The answer must be an exact copy of the lines from the one containing "我局2023年省級(jí)涉" through the last line of the records, with the pictures left out.

◇ ◇ ◇ ◇

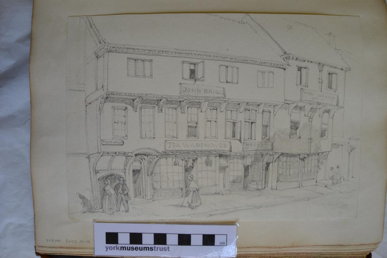 - A pencil drawing of the facade of a timber-framed, jetted buildings on Pavement, York. Signs on the buildings indentify the establishments as John Briggs, Tea Warehouse and the York Herald Office. Figures stand in front of the buildings.
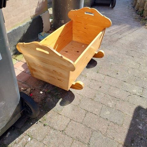 Vintage vugge i træ.H 31 cm, B 60 cm, D 30 cm.Flot og velholdt, gå til varen, for flere billeder.(N).
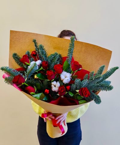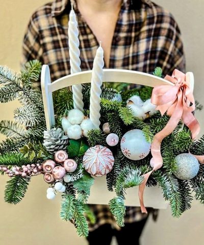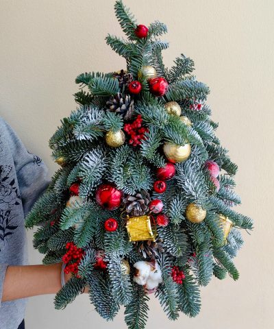 Новогодняя композиция в красном цвете с живой голландской ёлкой Нобилис🌲🎅 Размеры: ширина 21см, длина 24см Небольшая композиция в деревянном ящике с разнообразным декором: шишки, искуственные ягодки, ёлочные шары разных размеров и свеча! Композиция станет отличным подарком на Новый год для ваших близких🎄🎁 Можем собрать в другом цвете и с декором на ваш вкус.
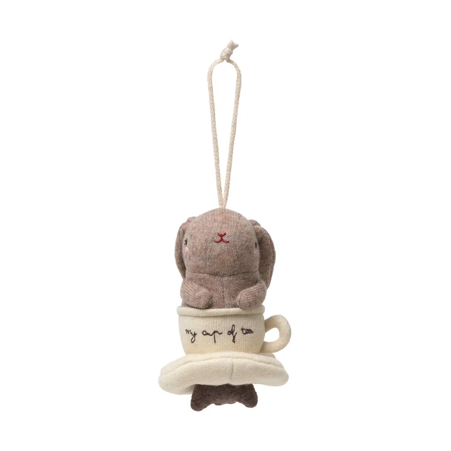 Aktivitets- og musikkanin i 80 % lammeuld og 20 % nylon. der kan spille melodien ”Twinkle. twinkle little star”. Designet med en ophængsstrop i strik og en træring. der er nem for
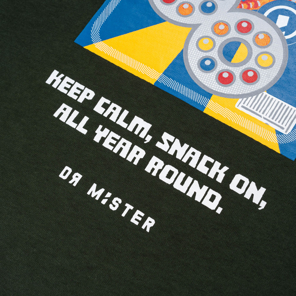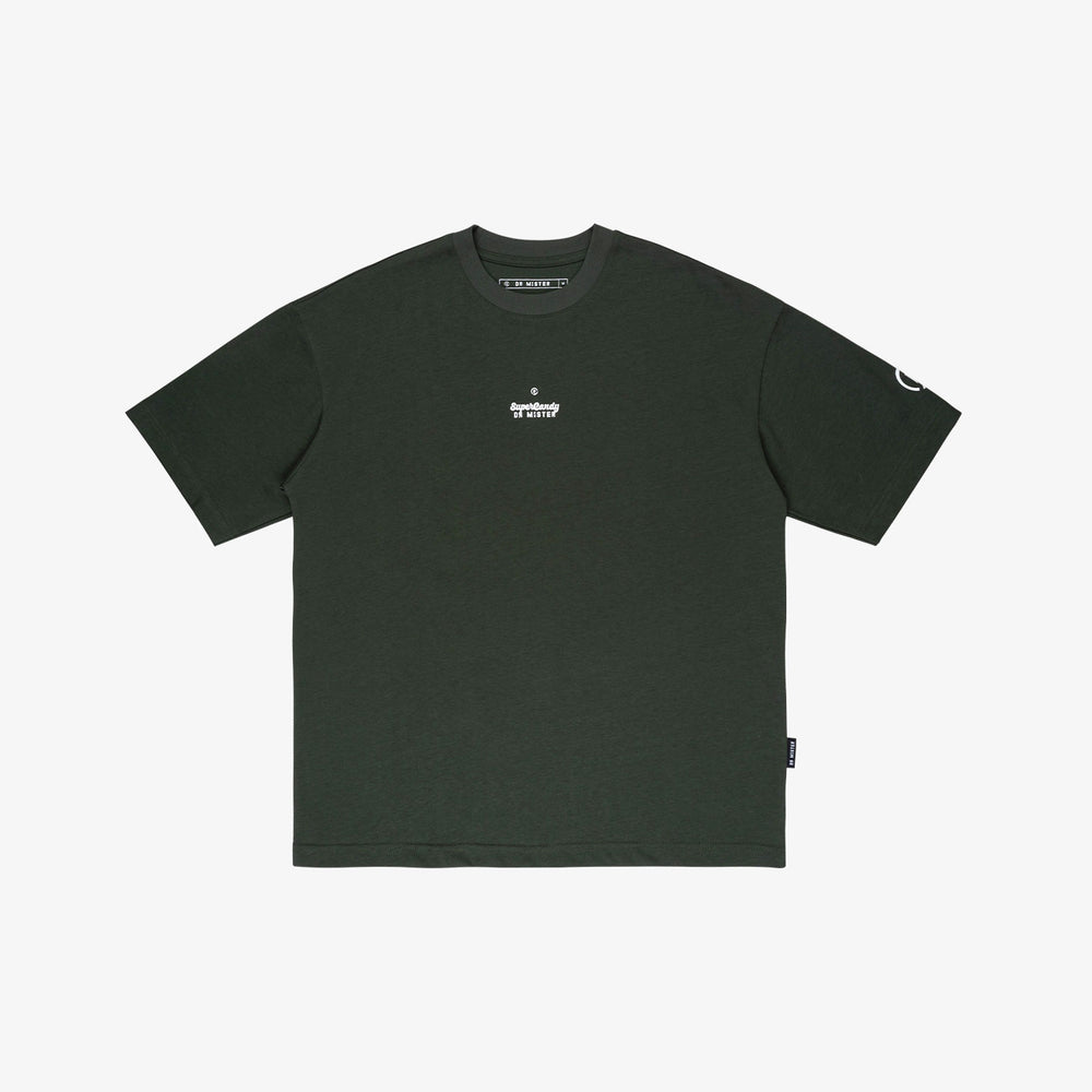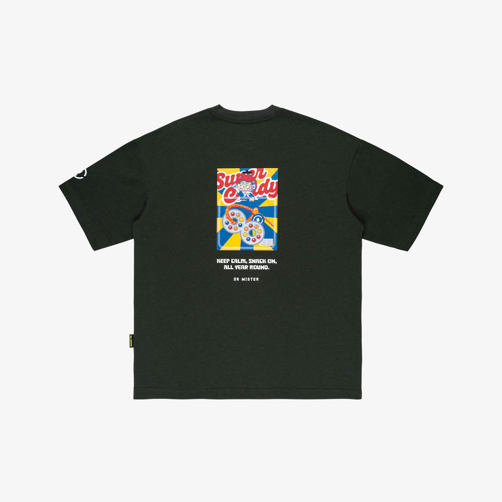 Crafted from interlock combed cotton, the olive green casual tee displays a candy pack that mimics the texture, colors, and details of a real candy wrapper. The design highlights playful eyeglass chocolate candy set against a striking sunburst background in classic blue and yellow. The front is completed with bold “Super Candy” in groovy font, a logotype and graphic logo.
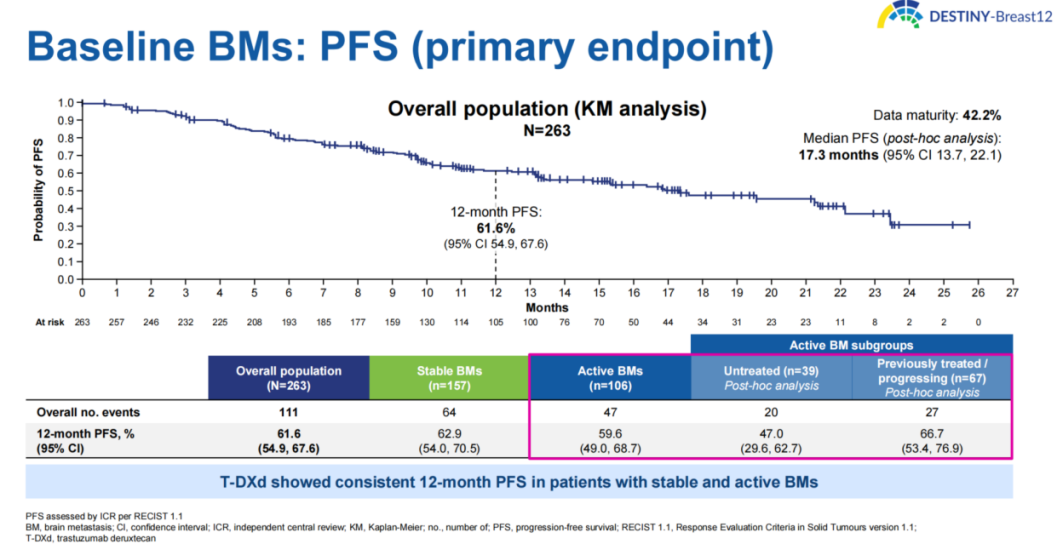 以T-DXd为代表的新型ADC药物也显示出了较好的治疗疗效,从DB-01、02、03针对HER2阳性脑转移患者的汇总分析,到去年ESMO大会上公布的DB-12的研究数据,均显示T-DXd在HER2阳性脑转移患者的良好治疗效果。DB-12研究入组了既往经1线或多线抗HER2方案治疗患者,263名患者基线有脑转移,241名患者基线没有脑转移。研究结果显示,基线有脑转移患者其中位PFS可达17.3个月,总体客观缓解率(ORR)可达71.7%。研究结果还提示,T-DXd无论对于稳定性脑转移还是活动性脑转移患者均有良好治疗效果。综上所述,对于部分脑转移症状不严重、不急于进行局部处理的患者,优先进行全身治疗已成为公认的治疗策略。
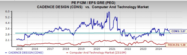 On the valuation front, Wall Street has been willing to pay a premium for Cadence’s consistent growth outlook for a long time. CDNS trades at its 10-year median and at a nearly 40% discount to its highs at 45.9X forward earnings and 45% below its highs when it comes to its PEG ratio—which factors in its long-term earnings growth outlook.
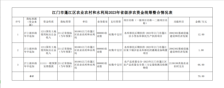 我局2023年省級(jí)涉農(nóng)資金統(tǒng)籌整合項(xiàng)目共3個(gè),合計(jì)79萬(wàn)元?,F(xiàn)將相關(guān)項(xiàng)目及資金情況予以公示:
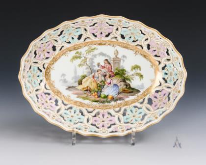 Ovale Schale mit Blütendurchbruch, im Spiegel die Darstellung einer Parklandschaft mit zwei Rokokodamen und einem Gärtner mit Früchten

◇ ◇ ◇ ◇

--- Result ---
 我局2023年省級(jí)涉農(nóng)資金統(tǒng)籌整合項(xiàng)目共3個(gè),合計(jì)79萬(wàn)元?,F(xiàn)將相關(guān)項(xiàng)目及資金情況予以公示:
 Ovale Schale mit Blütendurchbruch, im Spiegel die Darstellung einer Parklandschaft mit zwei Rokokodamen und einem Gärtner mit Früchten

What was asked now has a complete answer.